Data Model Design
With MongoDB, you may embed related data in a single structure or document. These schema are generally known as “denormalized” models, and take advantage of MongoDB’s rich documents. Consider the following diagram:
Embedded data models allow applications to store related pieces of information in the same database record. As a result, applications may need to issue fewer queries and updates to complete common operations.
In general, use embedded data models when:
- you have “contains” relationships between entities. See Model One-to-One Relationships with Embedded Documents.
- you have one-to-many relationships between entities. In these relationships the “many” or child documents always appear with or are viewed in the context of the “one” or parent documents. See Model One-to-Many Relationships with Embedded Documents.
In general, embedding provides better performance for read operations, as well as the ability to request and retrieve related data in a single database operation. Embedded data models make it possible to update related data in a single atomic write operation.

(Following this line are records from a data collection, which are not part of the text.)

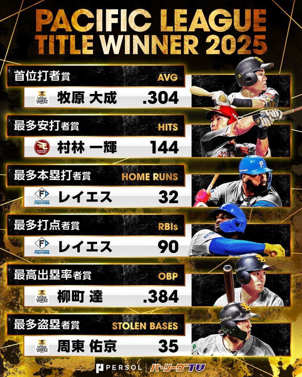/ 2025年 パーソル パ・リーグ 野手個人タイトル表彰選手🏆 \ 首位打者賞 H #牧原大成 選手(初受賞㊗️) 最多安打者賞 E #村林一輝 選手(初受賞㊗️) 最多本塁打者賞 F #レイエス 選手(初受賞㊗️) 最多打点者賞 F #レイエス 選手(初受賞㊗️) 最高出塁率者賞 H #柳町達 選手(初受賞㊗️) 最多盗塁者賞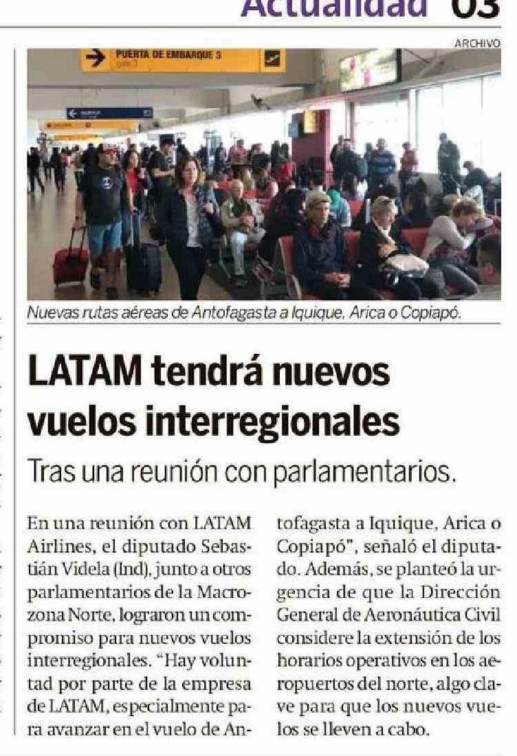 LATAM tendrá nuevos vuelos interregionales 20-05-2025 Hoy x Hoy Antofagasta |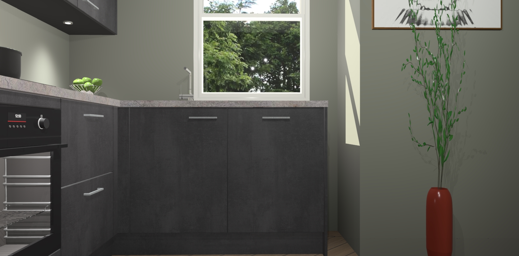 De Beton Zwarte keuken Geneve is precies wat u nodig heeft als u op zoek bent naar modern design, versmolten met tijdloze schoonheid. De strakke afwerking voegt klasse toe terwijl het toch een uitnodigende sfeer behoudt; zeker om zowel gasten als uzelf te inspireren om in stijl te gaan koken! En nog beter, het zal uw budget niet breken - dus waarom wachten? Met de Beton Zwarte keuken Geneve bent u verzekerd van kwaliteit zonder in te leveren op de prijs!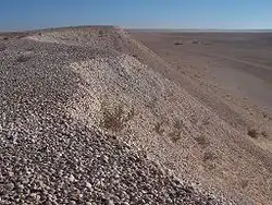The depositional profile of the northern Banc d'Arguin describes a flat-topped platform, on which extensive carbonate deposits developed largely in water depths <10 m below sea level. Vast areas of the Banc d'Arguin are covered by mixed carbonate–siliciclastic sediments dominated by barnacles and mollusc remains plus admixed aeolian siliciclastics. These sediments accumulate into extensive shoals, resulting in water depths less than 5 m several dozen kilometres off the present shoreline. The bank edge forms a sharp morphological step, suddenly deepening from 10–20 m down to 30–50 m, and separates the inner shelf environments (<5–10 m; carbonate bank) from those of the outer shelf. Assemblages formed by benthic foraminifers and molluscs and monospecific bivalve shell accumulations with admixed aeolian silt characterize the platform cover in the outer shelf.[14]

However, embedding related data in documents may lead to situations where documents grow after creation. With the MMAPv1 storage engine, document growth can impact write performance and lead to data fragmentation.
In version 3.0.0, MongoDB uses Power of 2 Sized Allocations as the default allocation strategy for MMAPv1 in order to account for document growth, minimizing the likelihood of data fragmentation. See Power of 2 Sized Allocations for details. Furthermore, documents in MongoDB must be smaller than the
maximum BSON document size. For bulk binary data, consider GridFS.
To interact with embedded documents, use dot notation to “reach into” embedded documents. See query for data in arrays and query data in embedded documents for more examples on accessing data in arrays and embedded documents.
Normalized data models describe relationships using references between documents.
In general, use normalized data models:
- when embedding would result in duplication of data but would not provide sufficient read performance advantages to outweigh the implications of the duplication.
- to represent more complex many-to-many relationships.
- to model large hierarchical data sets.
To join collections, MongoDB provides the aggregation stages:
MongoDB also provided referencing to join data across collections.
For an example of normalized data models, see Model One-to-Many Relationships with Document References.
For examples of various tree models, see Model Tree Structures.